● **WHAT YOU SHOULD DO**: All entries are to be printed again exactly, with their images omitted.

● **DATA EXCERPTS**:
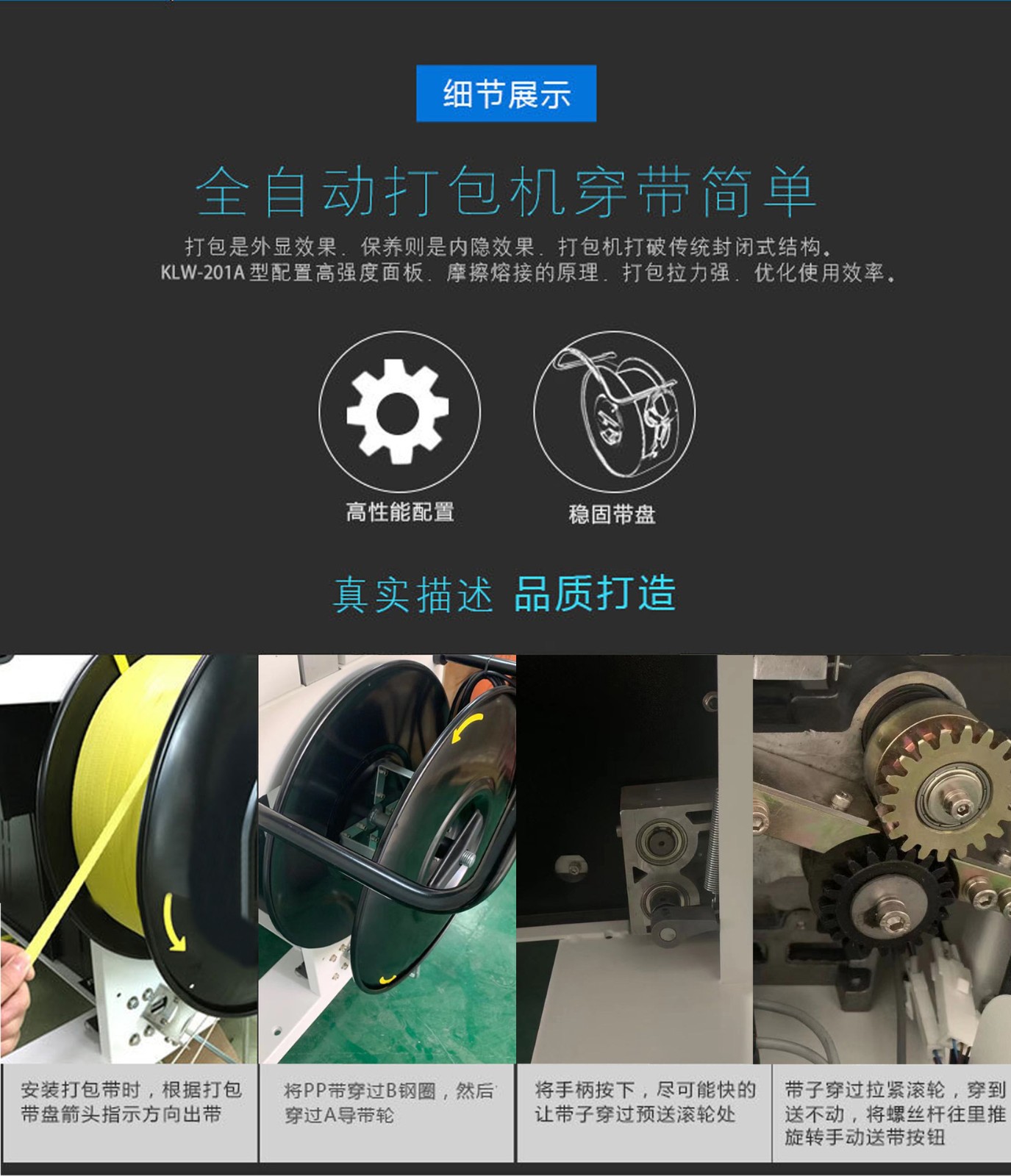 - 適用包帶:多為厚 0.55mm-1.2mm、寬 9mm-15mm 的塑料打包帶 1。
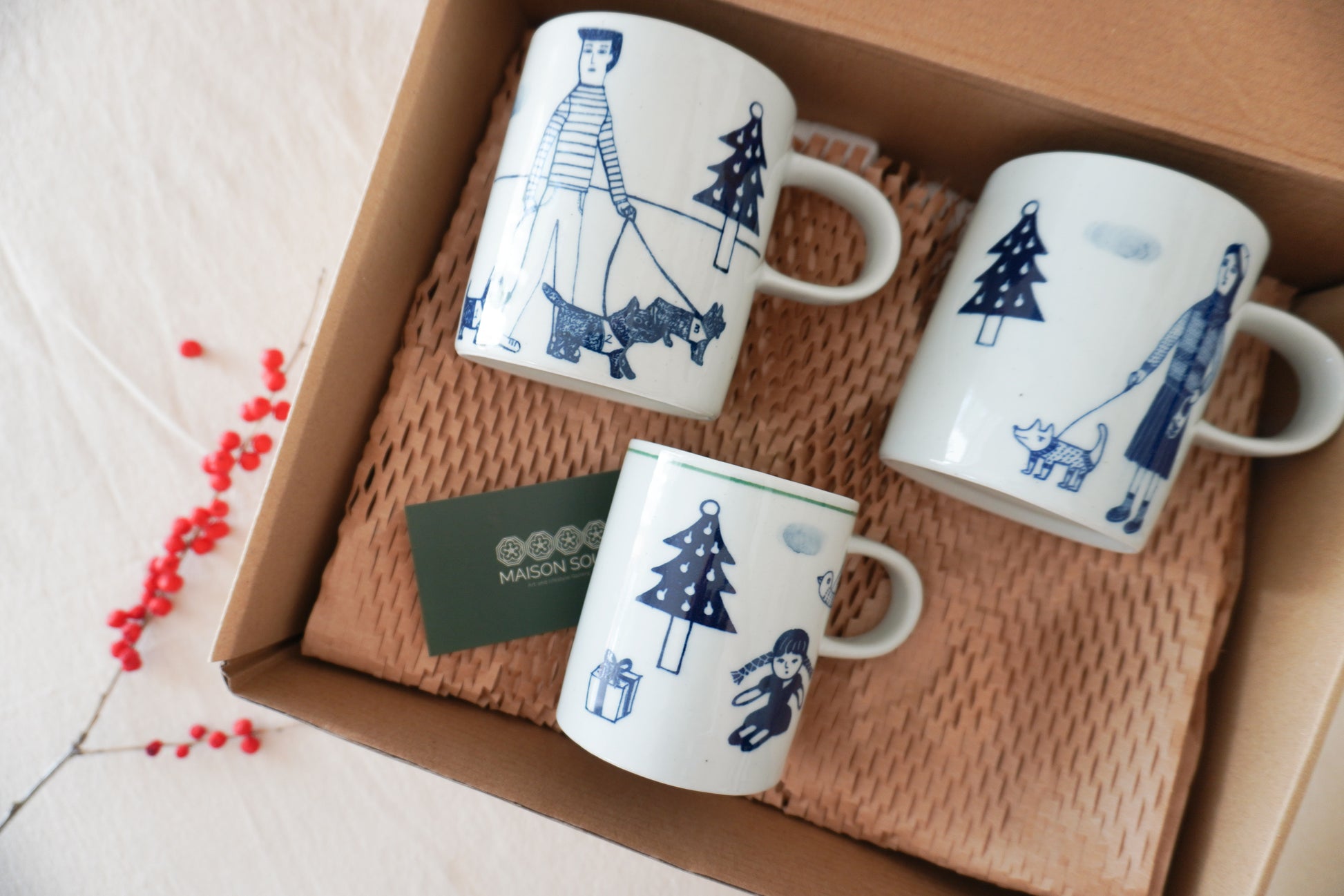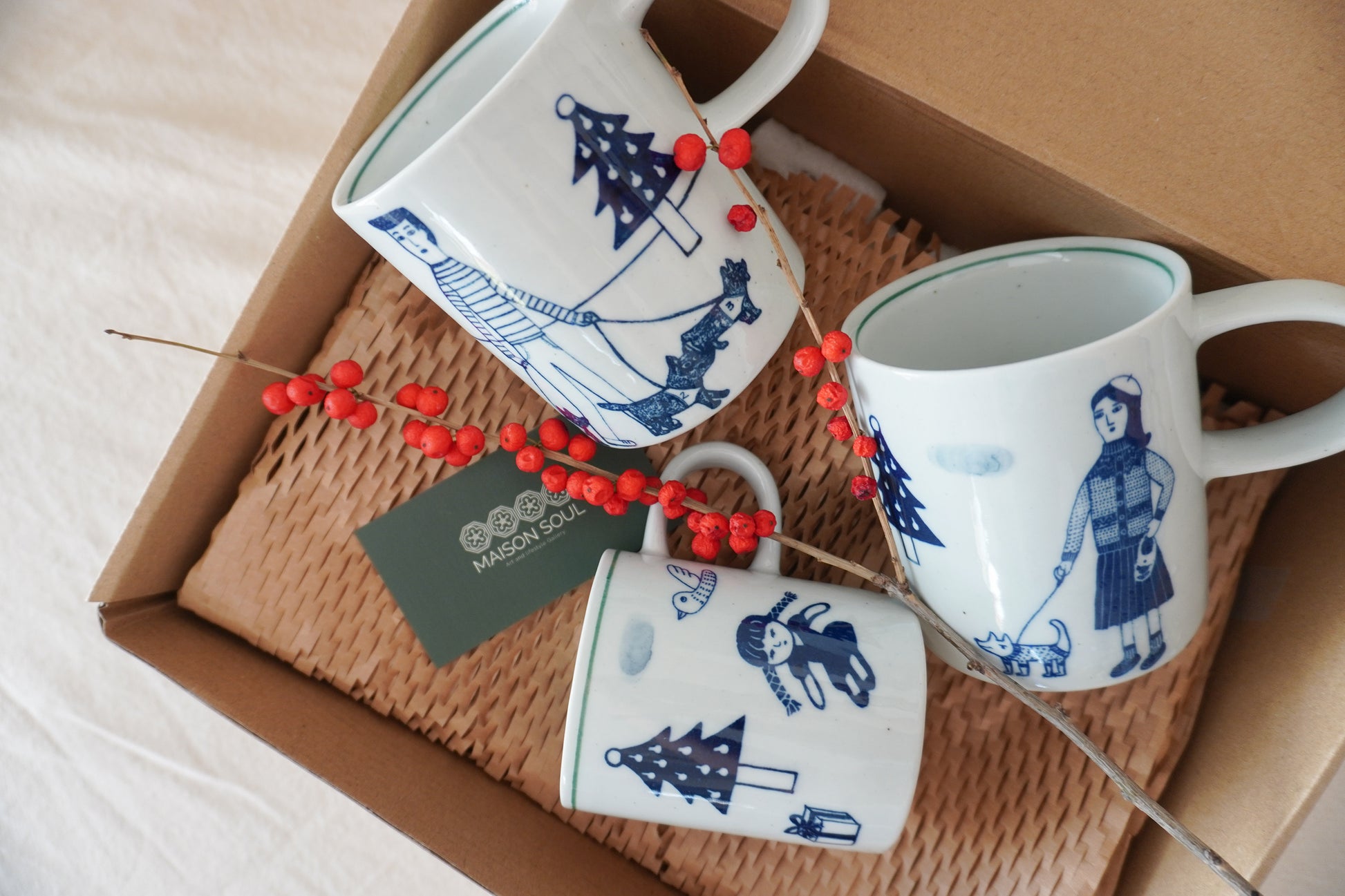 2022 Holiday Gift 'Mugs for Family' is a glossy mug with the signature painting of artist Yeo Kyunglan. She draws a woman, a man and a girl with a christmas tree and a puppy on the mugs. These mugs will keep you warm in the cold season and be perfect gifts for holiday! Babygirl Mug is smaller than woman and man's. Please check the size below.
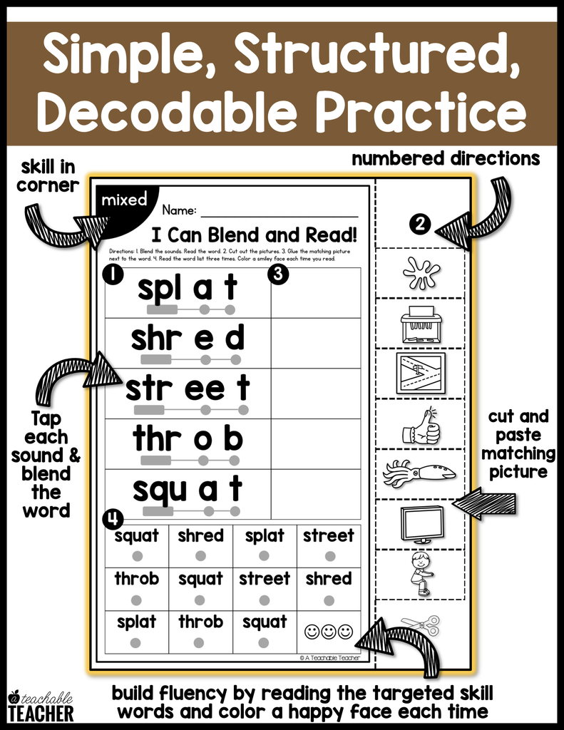 - Please note that some of the words used in this resource contain blends, long vowel teams, silent e, and/or r-controlled vowels.
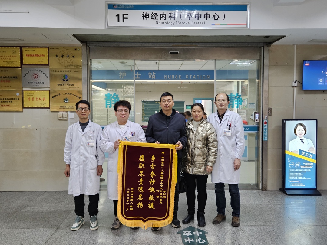 新桂阳12月16日讯(记者 李玮嘉)12月13日,县第一人民医院卒中中心暖意融融,一对夫妻将一面印有“争分夺秒施救援 履职尽责远名扬”的锦旗送给医务人员,感谢他们及时察觉病情、挽救生命。
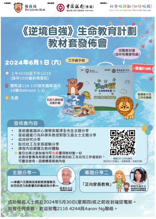 《逆境自強》生命教育計劃是由保良局主辦及中國銀行(香港)有限公司撥款支持,將於2024年6月1日 (星期六)假美麗華酒店舉行教材套發佈會。

● **PROBLEM SOLUTION**:
 - 適用包帶:多為厚 0.55mm-1.2mm、寬 9mm-15mm 的塑料打包帶 1。
 2022 Holiday Gift 'Mugs for Family' is a glossy mug with the signature painting of artist Yeo Kyunglan. She draws a woman, a man and a girl with a christmas tree and a puppy on the mugs. These mugs will keep you warm in the cold season and be perfect gifts for holiday! Babygirl Mug is smaller than woman and man's. Please check the size below.
 - Please note that some of the words used in this resource contain blends, long vowel teams, silent e, and/or r-controlled vowels.
 新桂阳12月16日讯(记者 李玮嘉)12月13日,县第一人民医院卒中中心暖意融融,一对夫妻将一面印有“争分夺秒施救援 履职尽责远名扬”的锦旗送给医务人员,感谢他们及时察觉病情、挽救生命。
 《逆境自強》生命教育計劃是由保良局主辦及中國銀行(香港)有限公司撥款支持,將於2024年6月1日 (星期六)假美麗華酒店舉行教材套發佈會。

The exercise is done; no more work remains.